Work to complete
Under this line are records; the part from the line containing "10. (1)如图①,一次函数 y= 3/4x+3" through the line containing "登顶之路,尽处可见苍松挺拔,青草葱翠。山" should be repeated exactly. Please exclude pictures.

________________

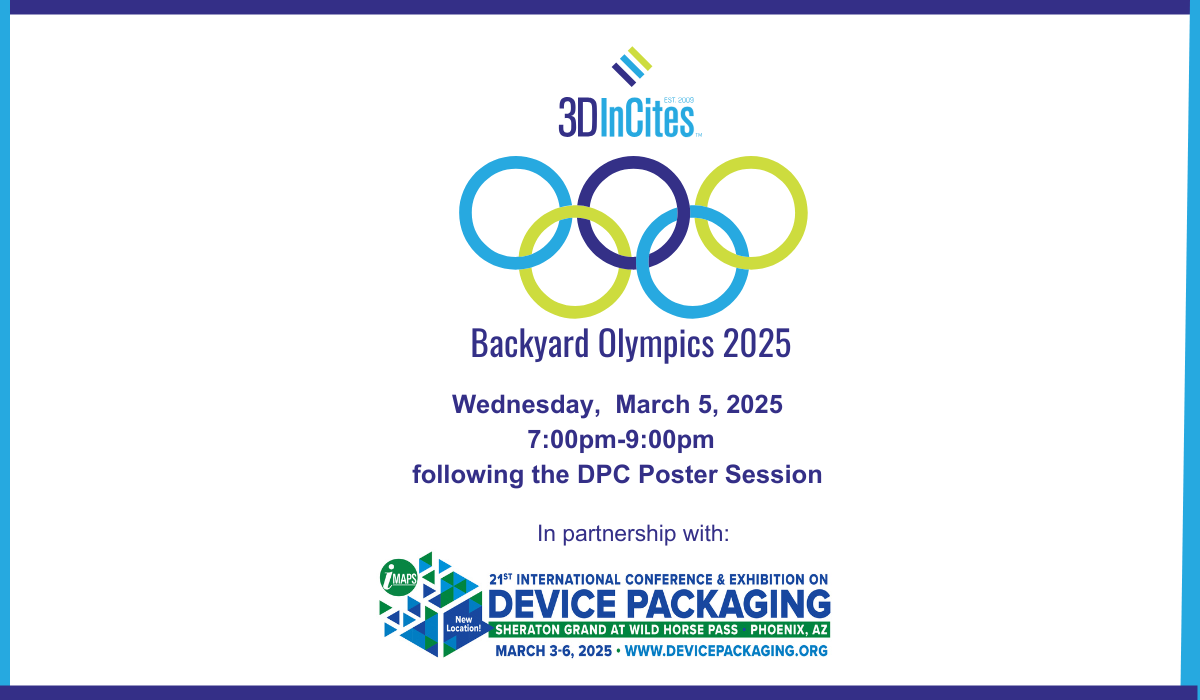The inaugural 3D InCites Back Yard Olympics was such a hit, we’re doing it again! This is your opportunity to mix and mingle with members of 3D InCites and IMAPS communities and show off your hidden talents. Do you rock the hula hoop? Are you a cornhole champion? Proficient at putting? Skilled with an axe? Put a team together, pose for your team photo, and get your game on.
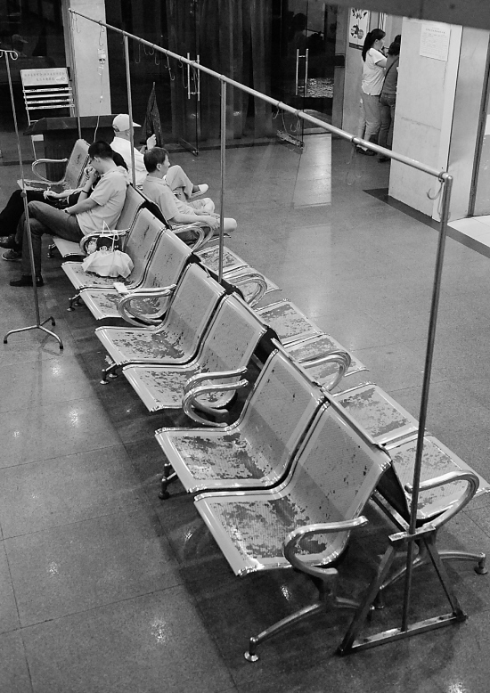 “我去之前先打聽了一下,說要排10多個小時的隊,掛號的人都聚集在醫(yī)院急診的抽血化驗候檢室,那里有椅子可以休息!标惻吭谙挛5點半左右來到醫(yī)院,候檢室里已有十來個外地模樣的人等著了,三三兩兩,有男有女。
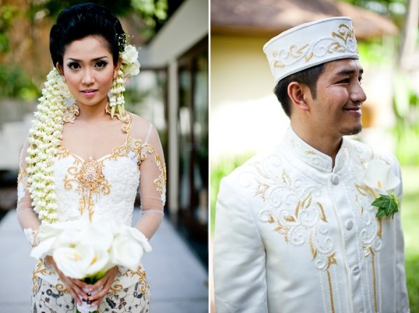 Самое популярное национальное свадебное платье Индонезии состоит из блузки (кебая) и юбки. «Блёстки на блестящей ткани» — так называют эту одежду местные. Но несмотря на кажущуюся вычурность, глаз быстро привыкает к подобному разнообразию и начинает замечать немаловажные детали: кружева и драгоценные камни, мелко разбросанные по всему платью.
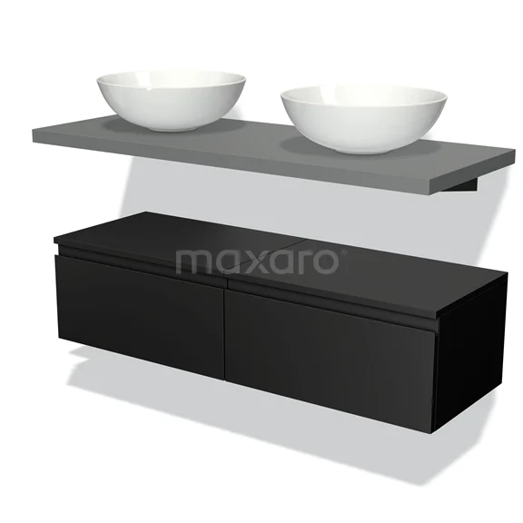 Modulo Plato Vanity units for countertop basin | 120 cm Matte black Handle-less front Mid grey worktop Low floating
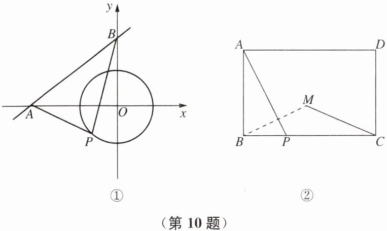 10. (1)如图①,一次函数 y= 3/4x+3 的图像与坐标轴交于 A、B 两点,⊙O 的半径为 2,P 是⊙O 上的一个动点,△ABP 面积的最大值为 .
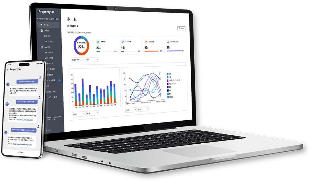 『Property AI』です。不動産の物件の管理を行っている人たちに対して役立つAI、という意味です。まだ効果は出たとは言っても弊社内でさらに改善したい点はたくさんあるので、引き続き『AMBITION Me』の入居者の問い合わせをまず軸に、ここをこう効率化していきましょう、より良い顧客体験にしていきましょうというものをやっていって、その中で効果があったもの、良かったものをこの『Property AI』の方にどんどんオプションか基本機能として実装していくことで、より不動産会社にとって使えるチャットボットになるんじゃないかなと。社内向けには『AMBITION Me』をブラッシュアップし、そのナレッジやノウハウを全て投下したのが『Property AI』と言えます。
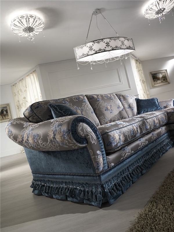 Its harmonious and pure line, free of any extrinsic complexities, where matching, the sinuous spirals and linear shapes are the result of the careful and thorough research that give it a unique and inimitable imprint. The original fabrics and colour matching embellish the Chaise Longue, like an opera where lyrics and melody are harmoniously mingled with counterpoints and effects.
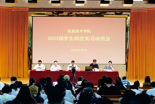 為落實學校關于畢業生崗位實習管理規定,強化實習管理,確保實習質量,6月7日下午,安慶職業技術學院信息技術學院2024屆畢業生崗位實習動員暨就業招聘會隆重舉行。主會場設在圖文信息中心一樓報告廳,二號教學樓216報告廳、各智慧教室設分會場,學生通過網絡直播同步收看。信息技術學院內設機構負責人、專業建設負責人、相關輔導員及2024屆927名畢業生參加了動員會。該院黨總支書記、院長疏國會出席會議并講話,黨總支副書記陳富漢參加會議,副院長熊祖濤主持會議。
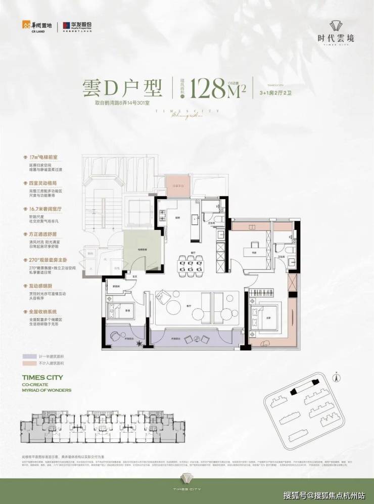 建面约128㎡3+1房:终极改善客户的首选产品。
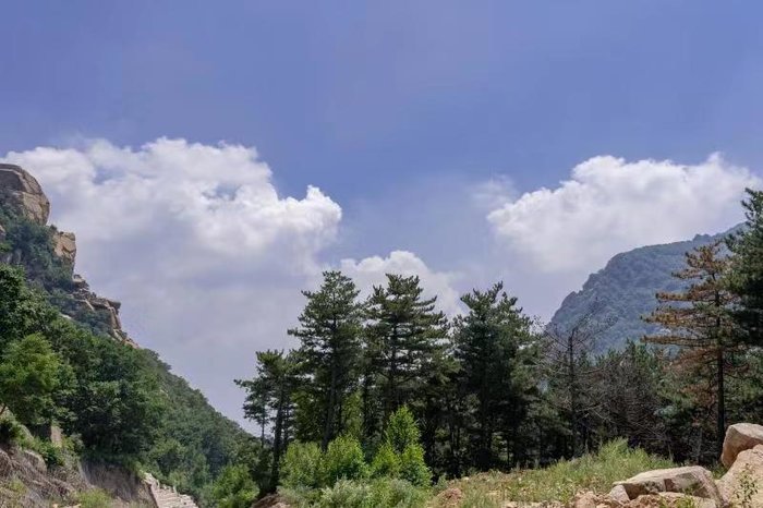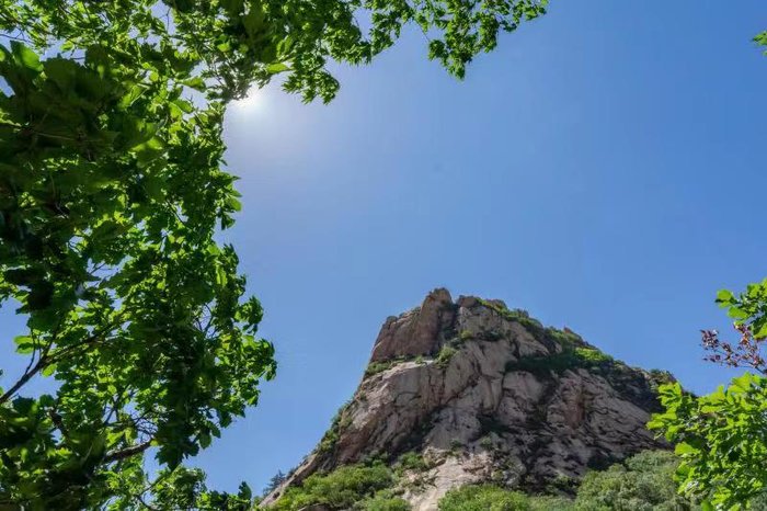 登顶之路,尽处可见苍松挺拔,青草葱翠。山间微风袭过,花香四溢,馨香扑鼻。抬眼望去,蓝天白云,高山飞鸟,在巨石形成的台子上,静静地坐下,微合双目,呼吸着新鲜的空气,倾听着清脆的鸟鸣,感受着自然的幽雅宁静,在纷杂的尘世中追寻内心的安宁。
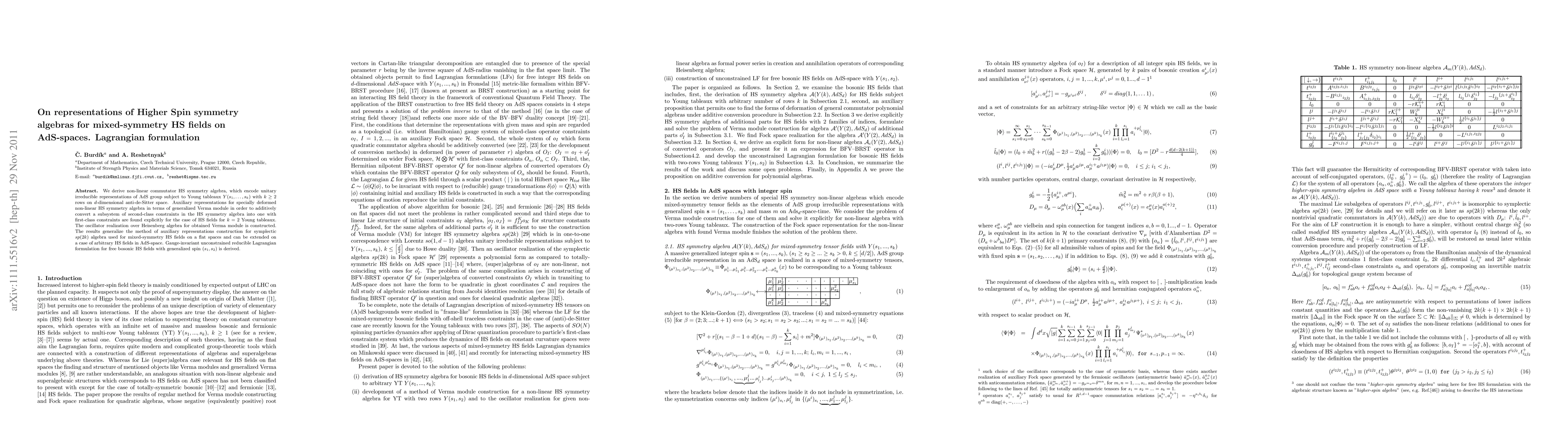 This paper derives the non-linear commutator algebra for Higher Spin symmetry in mixed-symmetry fields on AdS-spaces, constructing auxiliary representations to convert second-class constraints into first-class. A gauge-invariant Lagrangian formulation for free bosonic HS fields with generalized spin is also derived.

________________

Task solution
 10. (1)如图①,一次函数 y= 3/4x+3 的图像与坐标轴交于 A、B 两点,⊙O 的半径为 2,P 是⊙O 上的一个动点,△ABP 面积的最大值为 .
 『Property AI』です。不動産の物件の管理を行っている人たちに対して役立つAI、という意味です。まだ効果は出たとは言っても弊社内でさらに改善したい点はたくさんあるので、引き続き『AMBITION Me』の入居者の問い合わせをまず軸に、ここをこう効率化していきましょう、より良い顧客体験にしていきましょうというものをやっていって、その中で効果があったもの、良かったものをこの『Property AI』の方にどんどんオプションか基本機能として実装していくことで、より不動産会社にとって使えるチャットボットになるんじゃないかなと。社内向けには『AMBITION Me』をブラッシュアップし、そのナレッジやノウハウを全て投下したのが『Property AI』と言えます。
 Its harmonious and pure line, free of any extrinsic complexities, where matching, the sinuous spirals and linear shapes are the result of the careful and thorough research that give it a unique and inimitable imprint. The original fabrics and colour matching embellish the Chaise Longue, like an opera where lyrics and melody are harmoniously mingled with counterpoints and effects.
 為落實學校關于畢業生崗位實習管理規定,強化實習管理,確保實習質量,6月7日下午,安慶職業技術學院信息技術學院2024屆畢業生崗位實習動員暨就業招聘會隆重舉行。主會場設在圖文信息中心一樓報告廳,二號教學樓216報告廳、各智慧教室設分會場,學生通過網絡直播同步收看。信息技術學院內設機構負責人、專業建設負責人、相關輔導員及2024屆927名畢業生參加了動員會。該院黨總支書記、院長疏國會出席會議并講話,黨總支副書記陳富漢參加會議,副院長熊祖濤主持會議。
 建面约128㎡3+1房:终极改善客户的首选产品。
 登顶之路,尽处可见苍松挺拔,青草葱翠。山间微风袭过,花香四溢,馨香扑鼻。抬眼望去,蓝天白云,高山飞鸟,在巨石形成的台子上,静静地坐下,微合双目,呼吸着新鲜的空气,倾听着清脆的鸟鸣,感受着自然的幽雅宁静,在纷杂的尘世中追寻内心的安宁。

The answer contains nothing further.